Zahra Ershadi, Iran’s deputy permanent representative to the United Nations. (File Photo)

Iran’s deputy permanent representative to the United Nations says the Non-Aligned Movement (NAM) is concerned about the distortion of religions by terrorist groups to justify their heinous crimes.

Zahra Ershadi made the remarks during a meeting of the UN General Assembly’s Sixth Committee to discuss measures to eliminate international terrorism.

She said the Non-Aligned Movement is concerned about the arbitrary interpretation and misrepresentation of religions by terrorist groups to justify their actions.

She said NAM condemns and rejects terrorism in all its forms and manifestations, including state terrorism, and reiterates its support for relevant UN resolutions regarding the legitimacy of the struggles of people under foreign domination and occupation for freedom and exercising their right to self-determination.

Speaking at the Sixth Committee’s Monday meeting, Ershadi said all states must combat terrorism, including by prosecuting or extraditing the perpetrators of terrorist acts. 

She noted, however, that terrorism should not be equated with the legitimate struggle of peoples under colonial or alien domination and foreign occupation. 

The brutalization of peoples remaining under foreign occupation should continue to be denounced as the gravest form of terrorism, she stressed.

She also said Iran rejects the use or threat of use of force by any state against any Non-Aligned Movement member country under the pretext of combating terrorism. 

Terrorism is being perpetrated not just by terrorist groups, but by certain states against civilians, scientists and government officials, Ershadi said.

She recalled several assassinations and attacks, including the assassination of General Qasem Soleimani, “the hero of combating [Daesh] in the Middle East”, in Baghdad International Airport by the former United States administration, the assassination of Mohsen Fakhrizaeh, an Iranian nuclear scientist and deputy foreign minister, and the terrorist attack by Israel on Iran’s nuclear facility in Natanz. 

Those attacks and others, including cyberattacks on critical infrastructure in Iran, were reprehensible practices of terrorism, she said.

Also hypocritical, she continued, is the labeling of people exercising their right to self-determination as terrorists and those who support the oppressed peoples as sponsors of terrorism.  

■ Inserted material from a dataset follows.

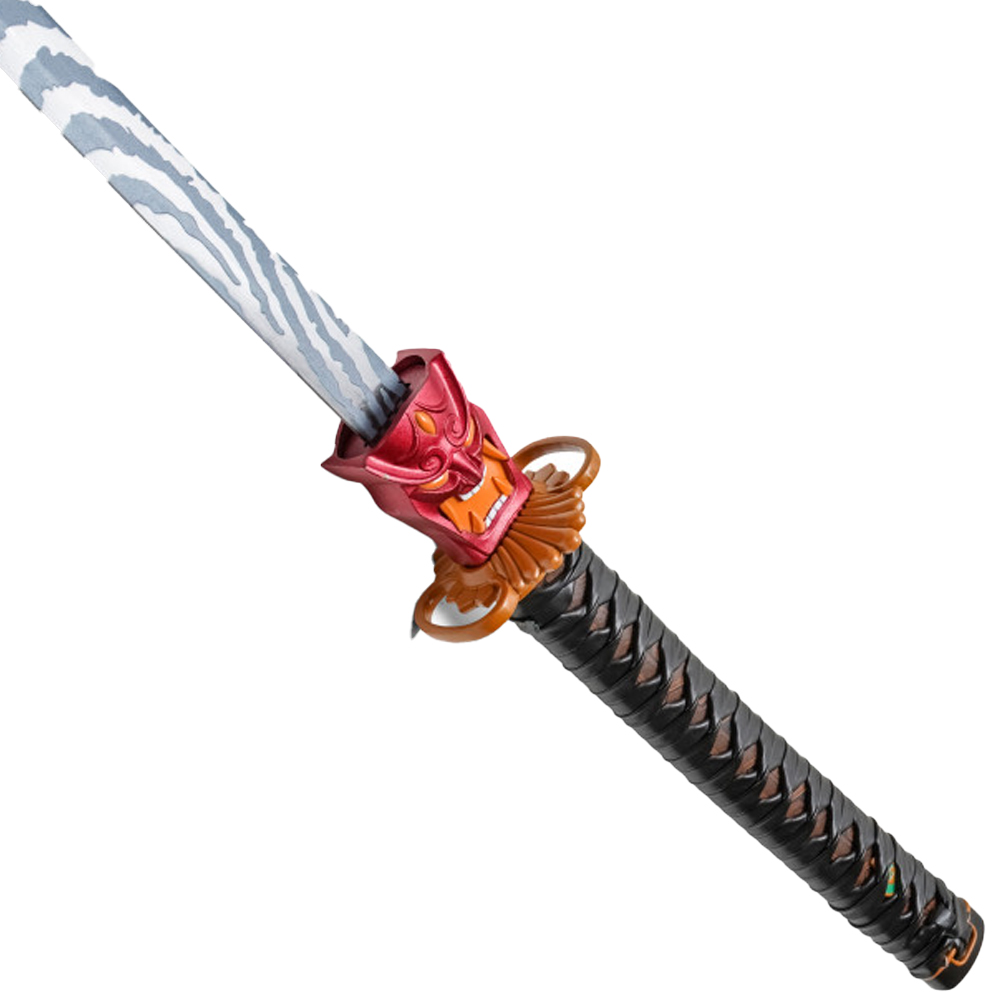 The Oni 39.5-inch Patterned Katana stands out with its detailed steel blade and bold handle design. A 25.5-inch blade showcases a striking pattern, while the 14-inch handle, wrapped in black and red, delivers a commanding grip.

“It is the woeful tale of the Middle East,” she said, underscoring the destructive role of foreign military forces in the region and the protracted occupation of the Palestinian territory.

According to the top Iranian envoy, unilateral coercive measures were not only tantamount to terrorism, but also constituted crimes against humanity, impairing appropriate resources required to combat terrorism and for effective cooperation among member states.